LLM has very high chance of on shotting this and doing it well.

Philip-J-Fry · 3 months ago
This is what I tend to do. I still feel like my expertise in architecting the software and abstractions is like 10x better than I've seen an LLM do. I'll ask it to do X, and then ask it to do Y, and then ask it to do Z, and it'll give you the most junior looking code ever. No real thought on abstractions, maybe you'll just get the logic split into different functions if you're lucky. But no big picture thinking, even if I prompt it well it'll then create bad abstractions that expose too much information.

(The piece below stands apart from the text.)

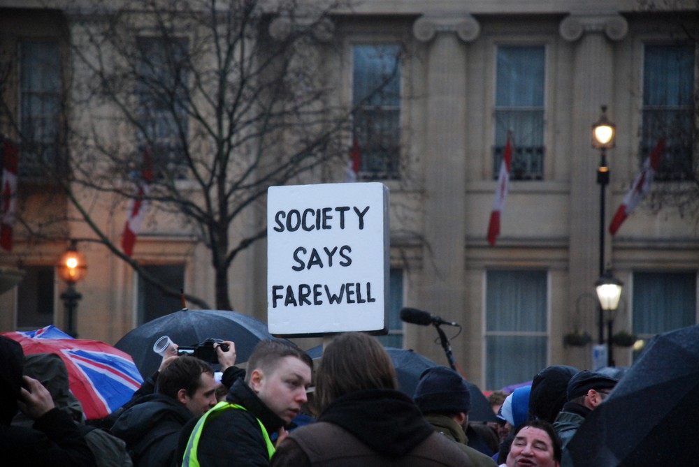 London, United Kingdom – Anarchist group Class War has, for decades now, been circulating the idea that, on the first Saturday after the death of former British Prime Minister Margaret Thatcher, those opposed to her divisive leadership should head for London’s Trafalgar Square to celebrate her demise.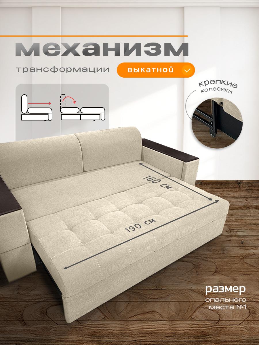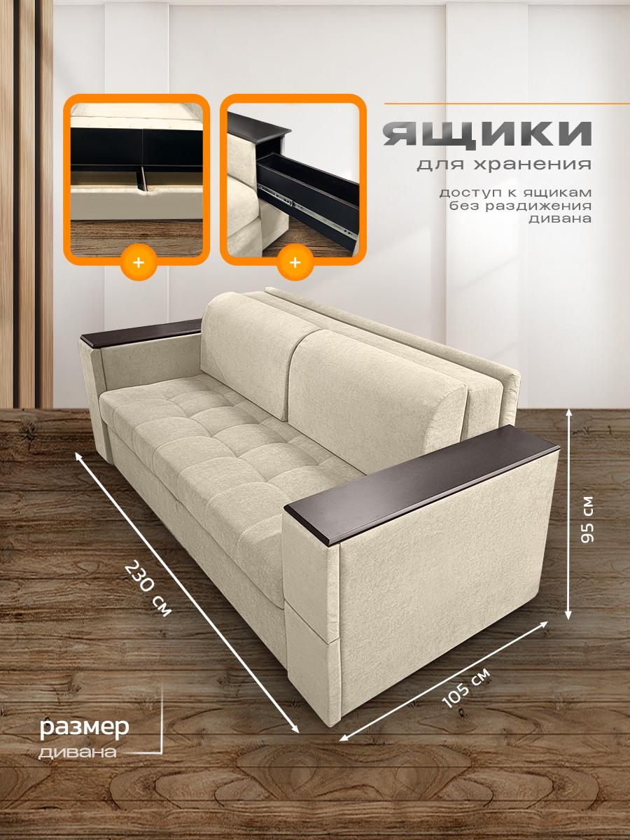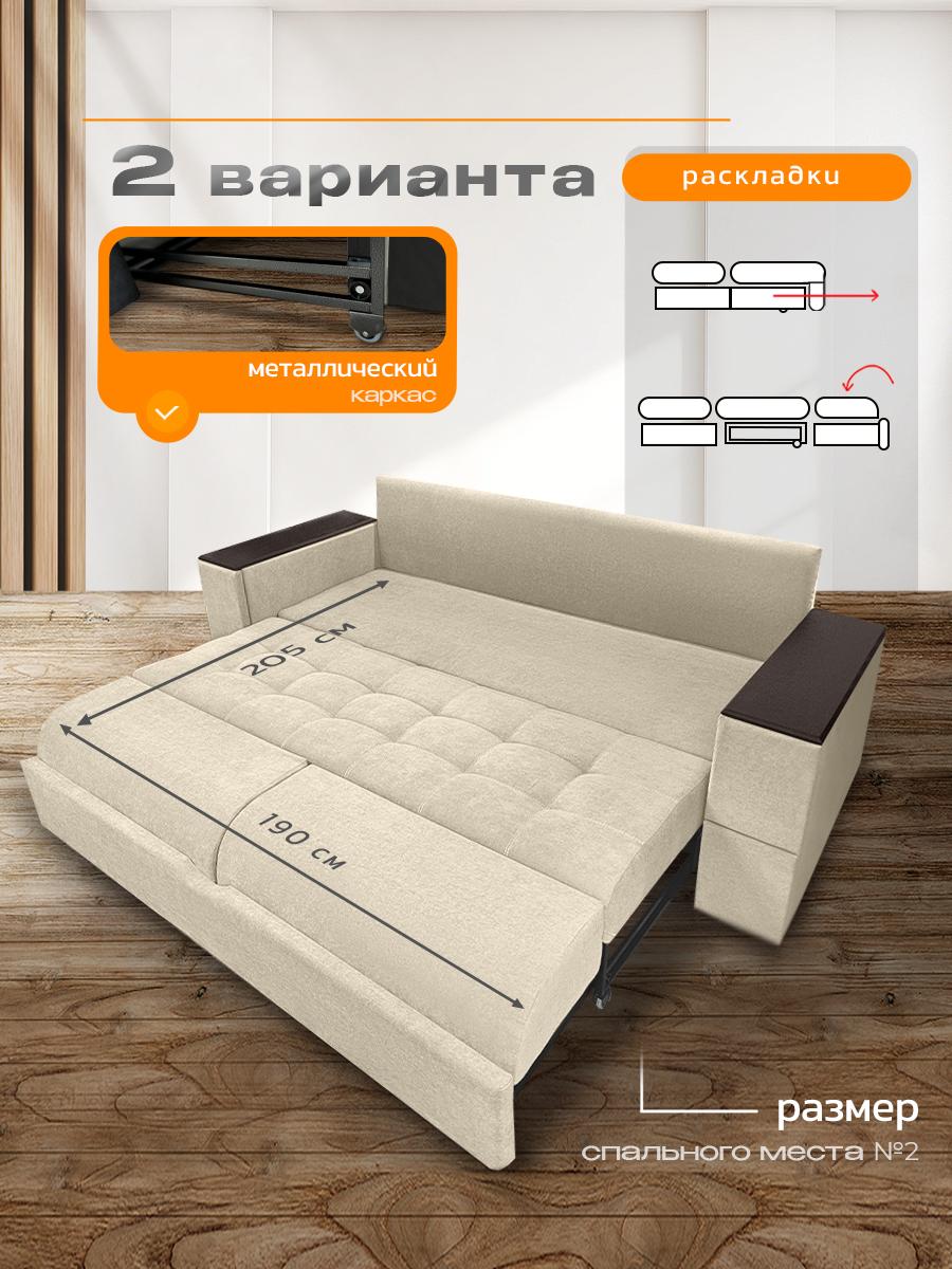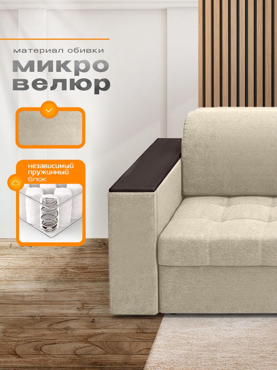Диван кровать раскладной Айсберг с столом и ящиком на металлокаркасе, Ищете раскладной диван с продуманными деталями, вместительным хранением и ортопедическими свойствами? Диван «Айсберг» сочетает всё это и даже больше: прочный металлокаркас, мягкая обивка из микровелюра, независимый пружинный блок и уникальные функции для вашего удобства. Идеальный выбор для гостиной, спальни или студии. Почему стоит выбрать диван «Айсберг»? Два варианта раскладывания — адаптируйте диван под свои потребности: компактный вариант: 160 × 190 см; просторный вариант: 190 × 205 см. Прочный металлокаркас — гарантирует устойчивость и долговечность даже при ежедневном использовании. Выдерживает высокие нагрузки без деформаций. Ортопедическое наполнение — независимый пружинный блок средней жёсткости поддерживает позвоночник в анатомически правильном положении. Каждая пружина работает автономно: это исключает эффект «гамака» и равномерно распределяет нагрузку. Многофункциональные подлокотники — в них встроены: выдвижной стол: создайте компактную рабочую зону для ноутбука, завтрака или творчества; ящик для хранения: храните мелочи, книги, пульты или аксессуары. Стильный дизайн с деталями — декоративные деревянные накладки на подлокотниках добавляют модели изысканности и создают приятный контраст с обивкой из микровелюра. Мягкая и практичная обивка — микровелюр приятен на ощупь, устойчив к истиранию, не выцветает на солнце и легко чистится. Подходит для семей с детьми и домашними животными. Комфортные параметры посадки: высота посадки: 44 см — удобно вставать и садиться; глубина посадки: 80 см без подушек, около 60 см с подушками — достаточно места для расслабленного отдыха. Оптимальные габариты (230 × 105 × 105 см) — диван гармонично впишется в интерьер, не занимая много места. Ключевые характеристики: Модель: диван «Айсберг». Габариты (Д × Ш × В): 230 × 105 × 105 см. Спальное место: два варианта (160 × 190 см или 190 × 205 см).

So eventually it gets to the point where I'm basically explaining to it what interfaces to abstract, what should be an implementation detail and what can be exposed to the wider system, what the method signatures should look like, etc.

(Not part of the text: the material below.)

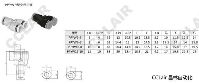 PPYW6-4,PPYW8-6,PPYW10-8,PPYW12-10,Y型變徑三通接頭
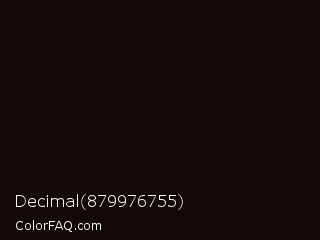 Decimal 879976755 Color is a almost black red color and the nearest color is Asphalt #130a06. Hex code #120805 and RGB value is rgb(18,8,5). In RGB color space, this color is composed of 7% red, 3% green, 2% blue, In CMYK color space, this color is composed of 0% cyan, 56% magenta, 72% yellow , 93% black , In HSL color space, this color has a hue angle of 14° , 57% saturation and 5% lightness.

So I had a better experience when I just wrote the code myself at a very high level. I know what the big picture look of the software will be. What types I need, what interfaces I need, what different implementations of something I need. So I'll create them as stubs. The types will have no fields, the functions will have no body, and they'll just have simple comments explaining what they should do. Then I ask the LLM to write the implementation of the types and functions.

And to be fair, this is the approach I have taken for a very long time now. But when a new more powerful model is released, I will try and get it to solve these types of day to day problems from just prompts alone and it still isn't there yet.

It's one of the biggest issues with LLM first software development from what I've seen. LLMs will happily just build upon bad foundations and getting them to "think" about refactoring the code to add a new feature takes a lot of prompting effort that most people just don't have. So they will stack change upon change upon change and sure, it works. But the code becomes absolutely unmaintainable. LLM purists will argue that the code is fine because it's only going to be read by an LLM but I'm not convinced. Bad code definitely confuses the LLMs more.

zahlman · 3 months ago
What if I write the main function but stub out calls to functions that don't exist yet; how will it do with inferring what's missing?
sandblast2 · 3 months ago
The expertise in software engineering typical in these promptfondling companies shine through this blog post.

Surely they know 100% code coverage is not a magical bullet because the code flow and the behavior can differ depending on the input. Just because you found a few examples which happen to hit every line of code you didn't hit every possible combination. You are living in a fool's paradise which is not a surprise because only fools believe in LLMs. You are looking for a formal proof of the codebase which of course no one does because the costs would be astronomical (and LLMs are useless for it which is not at all unique because they are useless for everything software related but they are particularly unusable for this).

visarga · 3 months ago
So, what is the solution? Senior engineer looks over PR and signs LGTM? That is just "vibe testing". The worst kind of testing. I think the author is right, setting up tests to form a reactive environment for coding agents will lead us to a new golden age. If you later find some issue with your test case coverage, you expand it. But it is good to do it from the start as throroughtly as possible.
sandblast2 · 3 months ago
> So, what is the solution?

1. Clearly explain the massive harm LLMs cause society and the environment to everyone. (Mass media should do this instead of parroting every nonsense the promptfondlers feed them.)

2. Ban them all. Don't tell me it's impossible just because it's widespread. Asbesthos was everywhere.

SR2Z · 3 months ago
It's a bold claim that LLMs are useless for formal verification when people have been hooking them up to proof assistants for a while. I think that it's probably not a terrible idea; the LLM might make some mistakes in the spec but 99% of the time there are a lot of irrelevant details that it will do a serviceable job with.